Tony Romo is constantly measured against Staubach and Aikman. Aaron Rodgers is measured against Bart Starr and Brett Favre, but he has the Super Bowl ring that Romo is still looking for, having beaten the Steelers at AT&T Stadium in Super Bowl XLV.
Rodgers has 23 teammates on the roster with a Super Bowl ring.
Romo hopes one day to have his own, so he and his teammates can have their pictures on the wall holding the Lombardi Trophy.
“You want to be a part of a storied franchise,” Romo said. “It just makes it important. You want a challenge. You want it to matter, and you want it to be important. That’s what’s great about this organization and great about our fans.”

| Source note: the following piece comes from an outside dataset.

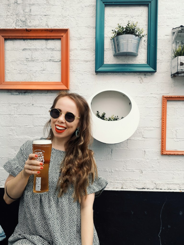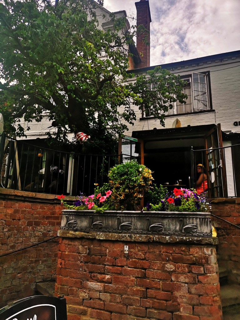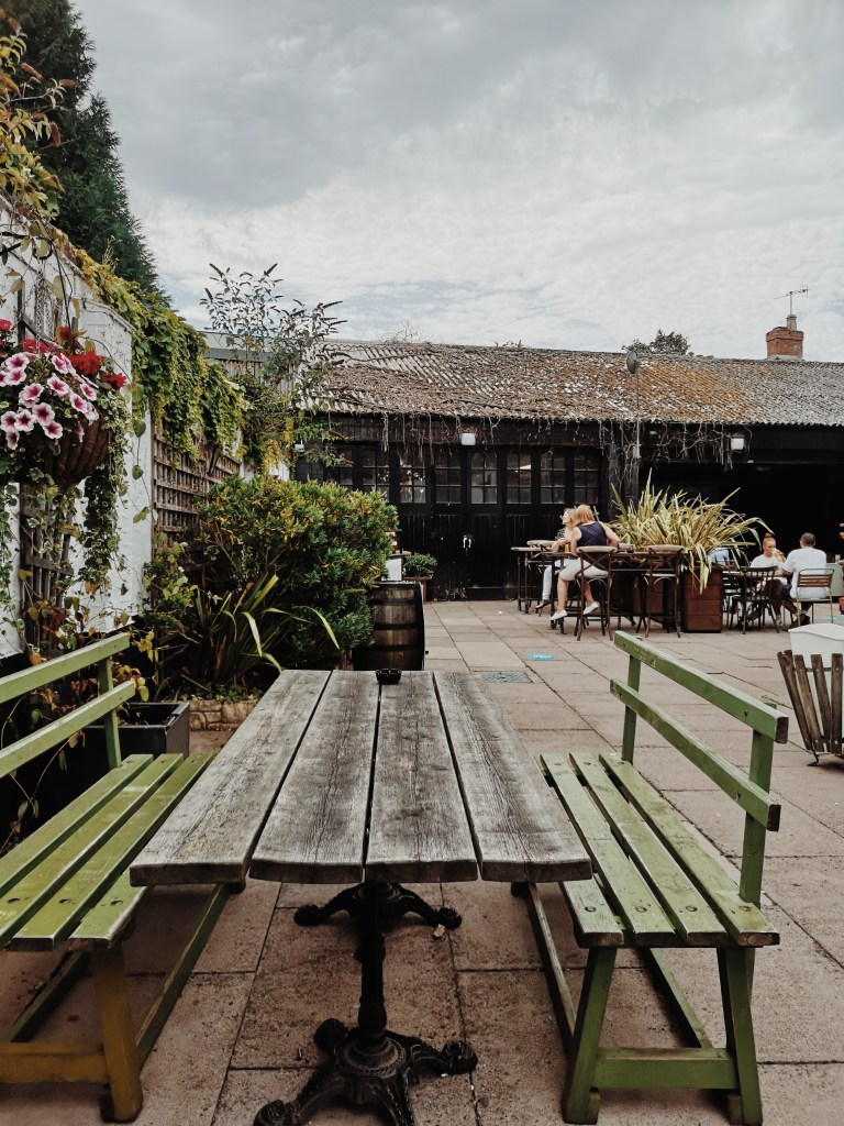 We next went for a little walk around the Town, down some quiet streets full of pretty doors that you would see plastered all over Instagram and Pinterest. The weather was so hot, literally was gasping for a drink every five minutes so we thought…BEER. We headed to The Rose & Crown pub (Part of Greene King pubs) which is a lovely traditional pub with quite the quirky outdoor seating area with a cool-ass barn in the back. very spacious, great drink selection (especially Ales) and a relaxing atmosphere, no old rowdy men here. The pub also serves food which we didn’t order but looked great, its dog-friendly, Table service, and all CO-VID measures are in place, so I felt very safe in there. I went for quite the large Abbott Ale that went down a treat.

Every Tuesday as always wonder about some things. Five Wonders is back and off we go:
- Jason Hatcher is having a career year and it could not have come at a better time. Hatcher will be a free agent after the season and already has more sacks this year than he has had in any season. And he could make the Pro Bowl, which is something he mentions frequently. But Hatcher will turn 32 next July. I'm on record saying the Cowboys can't pay age. But I wonder if the Cowboys would consider using the franchise tag on him. It would chew up $9-10 million in salary-cap room, but they would buy some time in finding defensive line help for beyond 2014. The Cowboys will have to make a number of moves to get under the cap, but they would be able to fit Hatcher in at the franchise number. Is it worth it? The Cowboys put the tag on Anthony Spencer last year, paying him $10.6 million. I thought it was the right move at the time and did not second guess it after Spencer's knee injury cost him all but one game this season. I'm not as sure about tagging Hatcher. They might have to restructure more deals than they would want and that would also affect the cap in 2015 and beyond. And last year the defensive line market was thin, even for the top players.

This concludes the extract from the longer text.